**Input data**
--- --- ---

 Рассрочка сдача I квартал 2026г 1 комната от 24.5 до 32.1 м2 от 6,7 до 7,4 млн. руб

--- --- ---

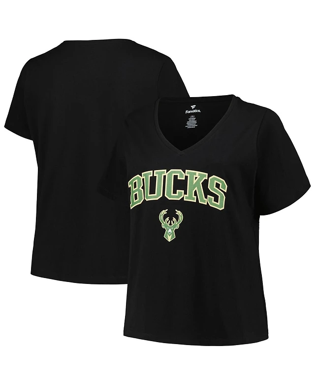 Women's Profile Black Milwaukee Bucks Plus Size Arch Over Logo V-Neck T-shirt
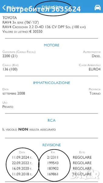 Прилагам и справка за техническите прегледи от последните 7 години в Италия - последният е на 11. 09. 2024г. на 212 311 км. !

--- --- ---

Print nothing but the lines above starting with the line that contains "Women's Profile Black" and going on through the line that contains "Прилагам и справка". Leave out the pictures.

 Women's Profile Black Milwaukee Bucks Plus Size Arch Over Logo V-Neck T-shirt
 Прилагам и справка за техническите прегледи от последните 7 години в Италия - последният е на 11. 09. 2024г. на 212 311 км. !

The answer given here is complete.